(Photo: ANP). On 7 July 2017, the Supreme Court ruled in the field of music law and copyright, in the case between music publisher Nanada Music and the members of the band Golden Earring. The judgment is important for the music industry, because it decided under what conditions music publishing contracts can be terminated.

Nanada Music, the music publisher established in 1968 by Willem van Kooten, is the publisher of a part of the repertoire of Golden Earring. In the proceedings the Supreme Court had to decide whether the band members have validly terminated the publishing contracts with Nanada. The band members are of the opinion that the contracts can be terminated even without reason. Nanada takes the view that this is not possible because the contracts were concluded for the duration of the copyright and Nanada has always made sufficient efforts to exploit the songs. The Supreme Court was therefore asked whether the music publishing agreements can be terminated and under what conditions.  

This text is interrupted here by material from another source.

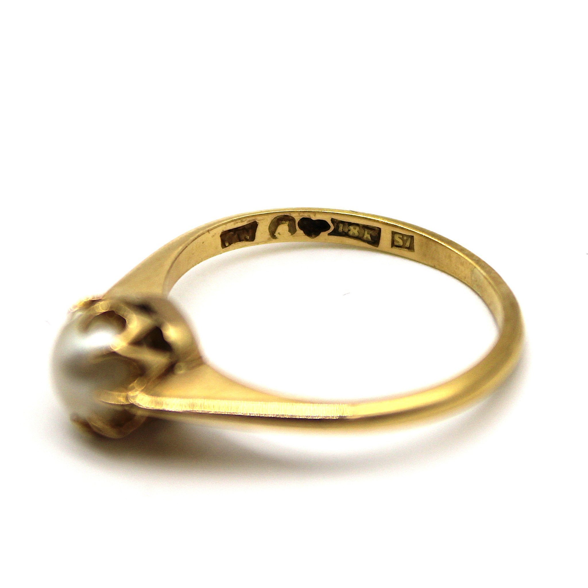 Vintage pärlring i äkta 18K guld (stl 15,85mm)

The Supreme Court is of the opinion that publishing contracts cannot be terminated by the author just like that, but in principle only if there is a ‘sufficiently compelling reason’ for doing so. The right of dissolution arises only after the author has given the publisher a reasonable period of time to exploit the work to a sufficient extent and there is no exploitation within this period. The Supreme Court explicitly recognises the importance of investments by music publishers. If publishing contracts can be terminated at any desired moment, the publisher will be less (quickly) willing to make these investments.

Bergh Stoop & Sanders is acting for music publisher Nanada Music in this case.